— Problem to solve —
Repeat the data exactly, leaving out any image.

— Data segment —

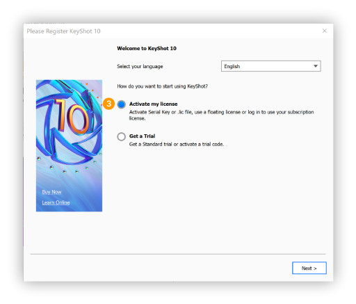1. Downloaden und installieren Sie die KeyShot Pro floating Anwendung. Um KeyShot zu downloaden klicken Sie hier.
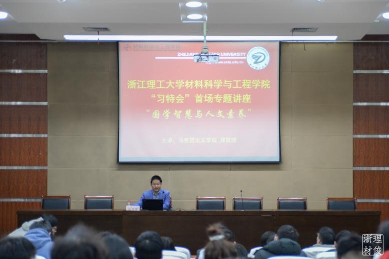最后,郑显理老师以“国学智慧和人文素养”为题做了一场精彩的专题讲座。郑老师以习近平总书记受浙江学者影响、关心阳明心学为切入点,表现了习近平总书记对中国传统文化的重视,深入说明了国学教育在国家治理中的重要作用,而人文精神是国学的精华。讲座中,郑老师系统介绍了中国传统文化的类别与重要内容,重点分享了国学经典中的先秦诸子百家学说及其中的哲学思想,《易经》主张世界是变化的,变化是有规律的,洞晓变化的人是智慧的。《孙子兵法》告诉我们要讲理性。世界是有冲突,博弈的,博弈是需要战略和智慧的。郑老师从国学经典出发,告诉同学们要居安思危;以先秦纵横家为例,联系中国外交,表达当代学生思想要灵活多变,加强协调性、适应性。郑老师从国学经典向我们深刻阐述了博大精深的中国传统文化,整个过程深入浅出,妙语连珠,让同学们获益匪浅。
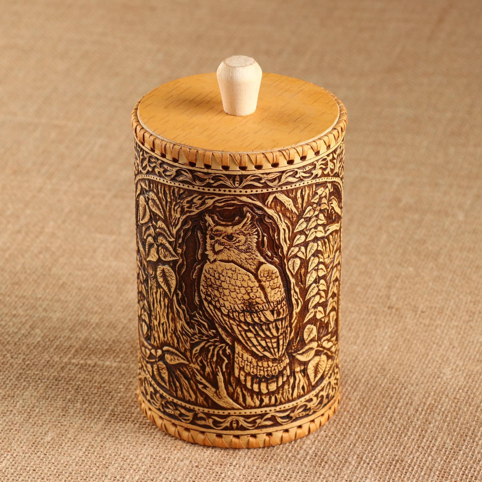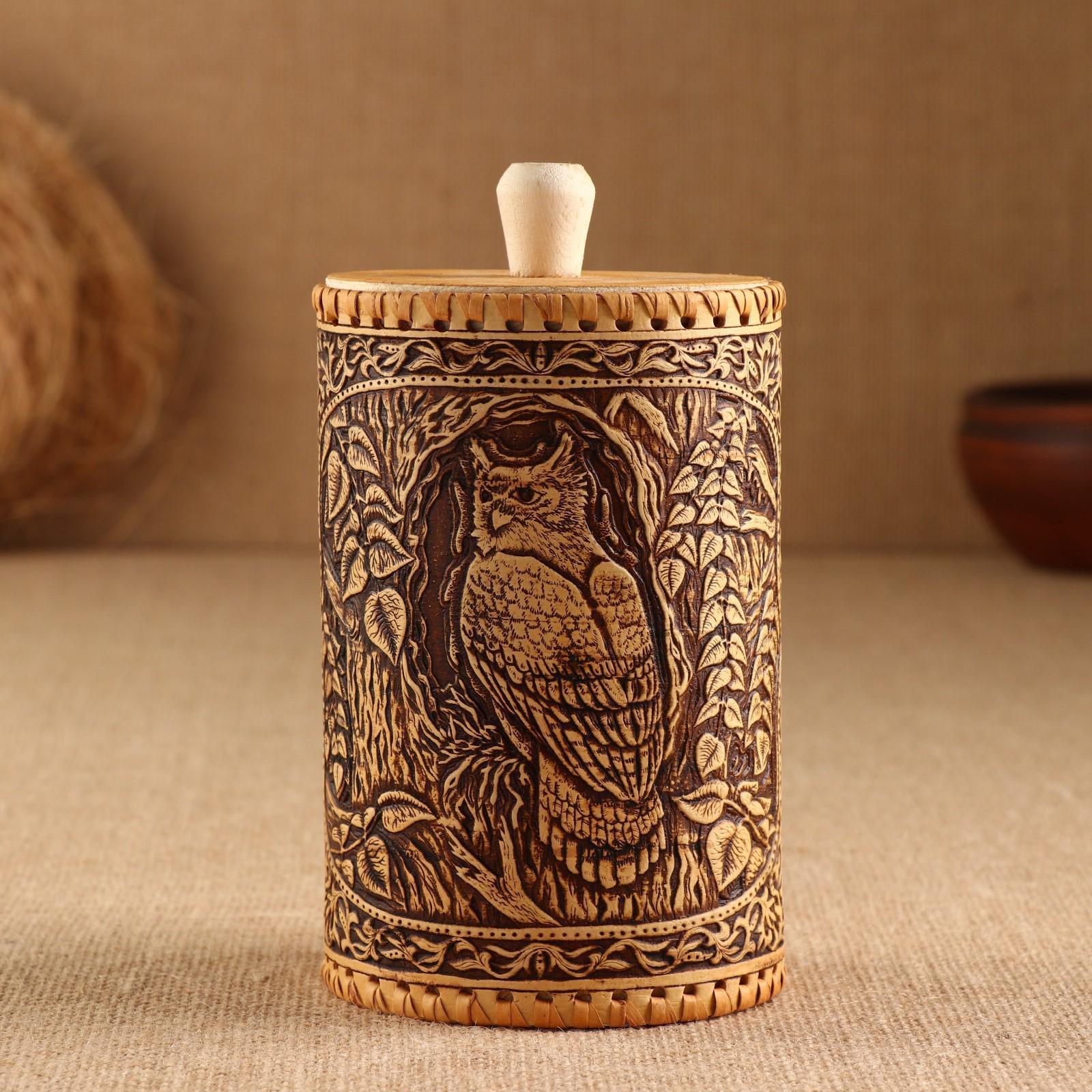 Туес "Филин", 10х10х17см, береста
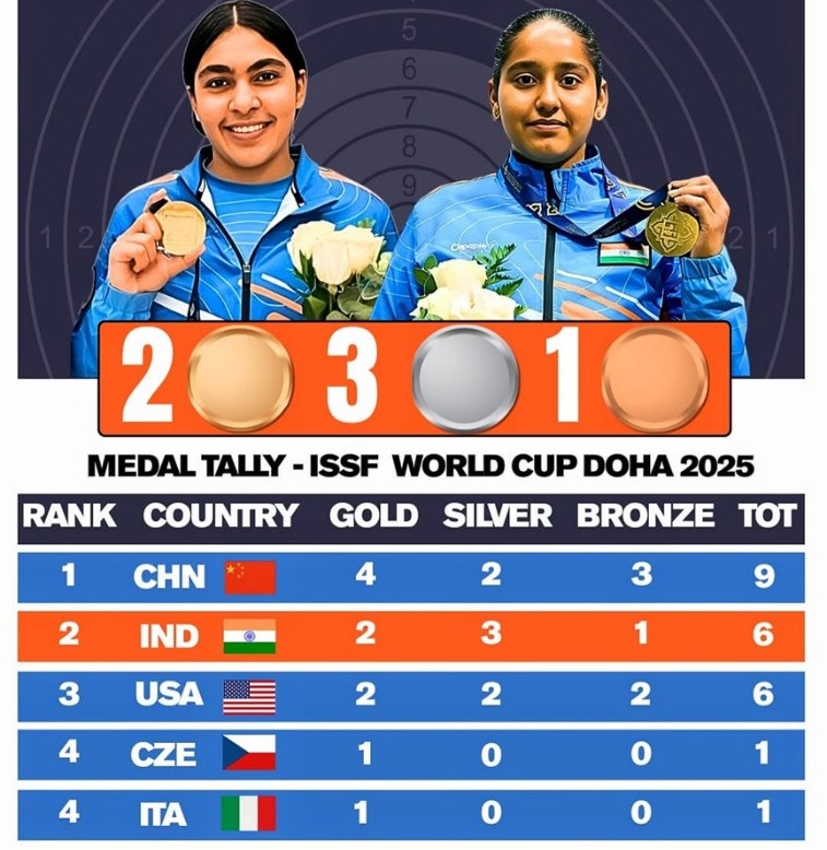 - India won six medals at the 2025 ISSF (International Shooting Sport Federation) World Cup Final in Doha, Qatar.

— Reply to the task —
1. Downloaden und installieren Sie die KeyShot Pro floating Anwendung. Um KeyShot zu downloaden klicken Sie hier.
最后,郑显理老师以“国学智慧和人文素养”为题做了一场精彩的专题讲座。郑老师以习近平总书记受浙江学者影响、关心阳明心学为切入点,表现了习近平总书记对中国传统文化的重视,深入说明了国学教育在国家治理中的重要作用,而人文精神是国学的精华。讲座中,郑老师系统介绍了中国传统文化的类别与重要内容,重点分享了国学经典中的先秦诸子百家学说及其中的哲学思想,《易经》主张世界是变化的,变化是有规律的,洞晓变化的人是智慧的。《孙子兵法》告诉我们要讲理性。世界是有冲突,博弈的,博弈是需要战略和智慧的。郑老师从国学经典出发,告诉同学们要居安思危;以先秦纵横家为例,联系中国外交,表达当代学生思想要灵活多变,加强协调性、适应性。郑老师从国学经典向我们深刻阐述了博大精深的中国传统文化,整个过程深入浅出,妙语连珠,让同学们获益匪浅。
 Туес "Филин", 10х10х17см, береста
 - India won six medals at the 2025 ISSF (International Shooting Sport Federation) World Cup Final in Doha, Qatar.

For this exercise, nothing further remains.